<<<<

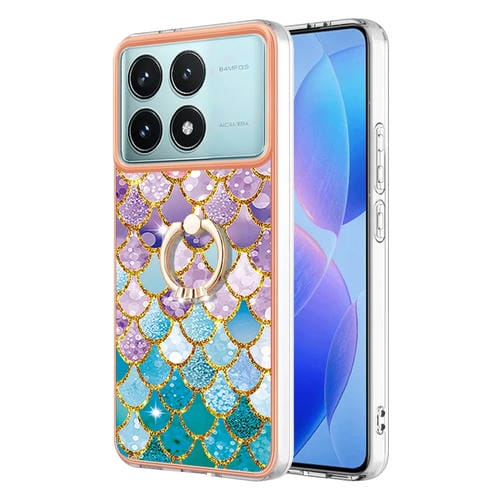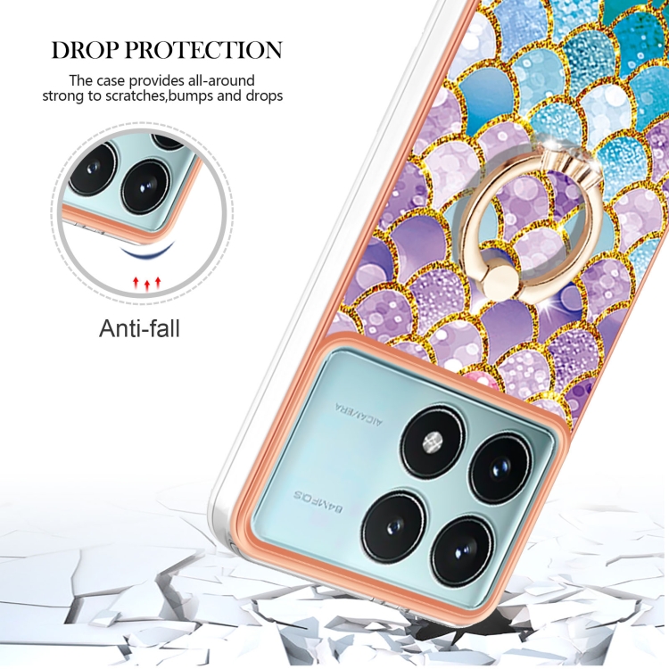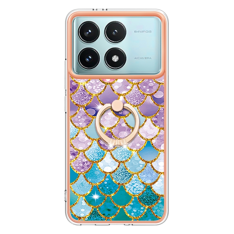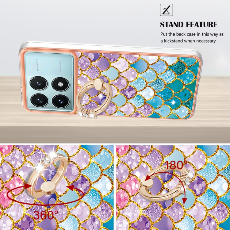 Para Xiaomi Poco F6 Pro 5G Estuche a Prueba de Golpes con Patrón de Galvanoplastia Imd TPU con Soporte de Anillo de Diamantes de Imitación (Escamas de Colores)
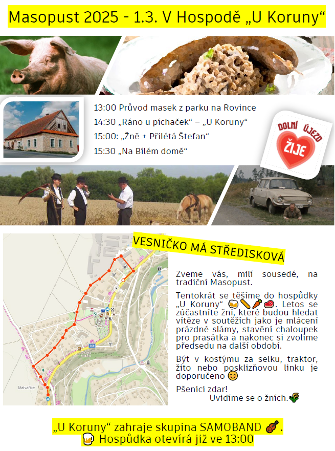 Tradiční průvod masek, tentokrát na téma Vesničko má středisková...
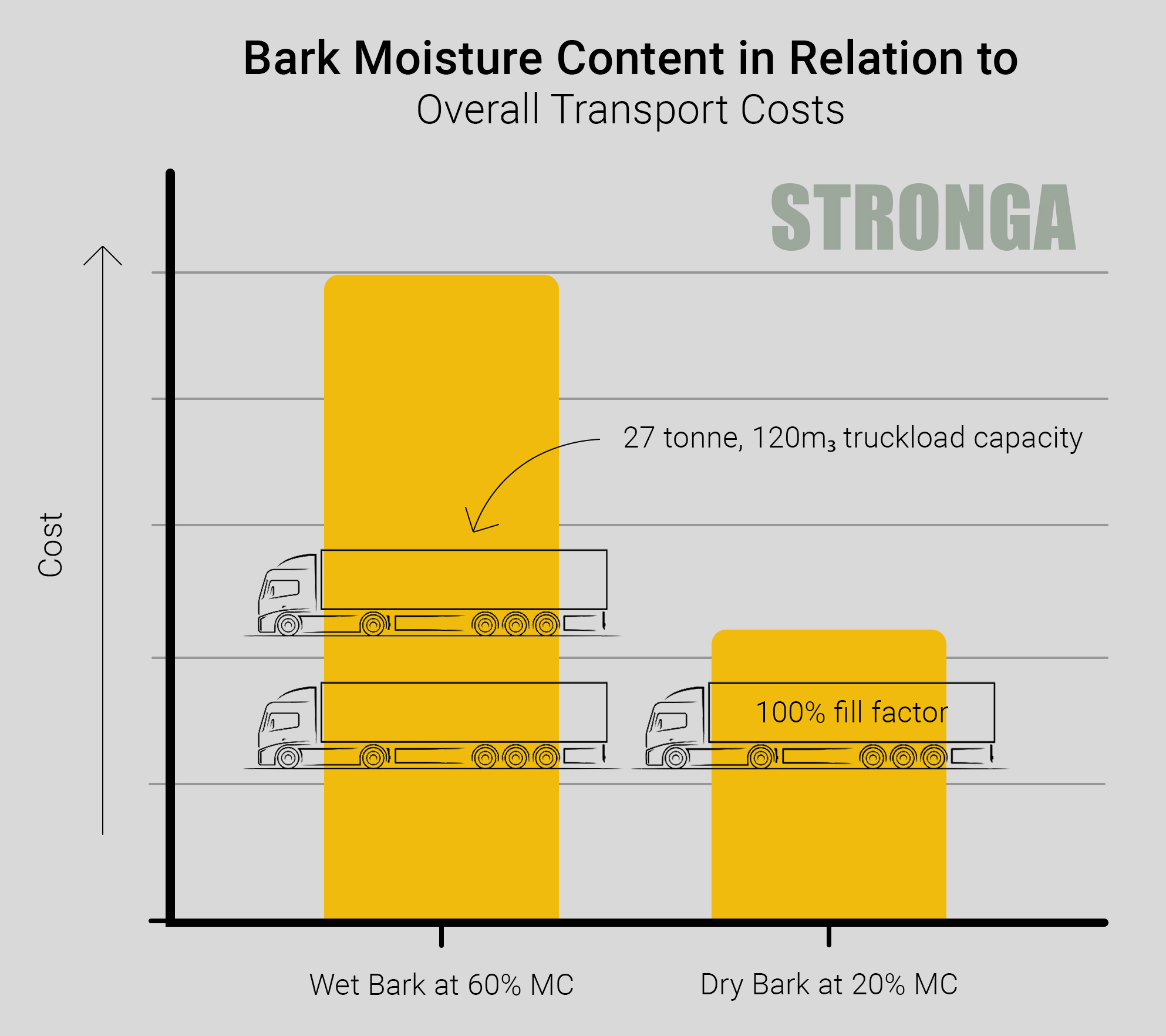 Fresh bark with a moisture content of 60-65% typically has a bulk density of circa 350-420kg/m₃*. In Europe, the maximum payload for a 3-axle artic lorry is approximately 27 tonnes, meaning the truck could only carry 77m₃ of wet material. The higher the moisture content of the bark, the less material can be transported in one truckload – this means more loads, more trucks, more fuel and more labour… all of which are only increasing in price due to inflation.

>>>>

-- Exercise --
Give the preceding data back exactly, minus every picture.

-- Worked solution --
 Para Xiaomi Poco F6 Pro 5G Estuche a Prueba de Golpes con Patrón de Galvanoplastia Imd TPU con Soporte de Anillo de Diamantes de Imitación (Escamas de Colores)
 Tradiční průvod masek, tentokrát na téma Vesničko má středisková...
 Fresh bark with a moisture content of 60-65% typically has a bulk density of circa 350-420kg/m₃*. In Europe, the maximum payload for a 3-axle artic lorry is approximately 27 tonnes, meaning the truck could only carry 77m₃ of wet material. The higher the moisture content of the bark, the less material can be transported in one truckload – this means more loads, more trucks, more fuel and more labour… all of which are only increasing in price due to inflation.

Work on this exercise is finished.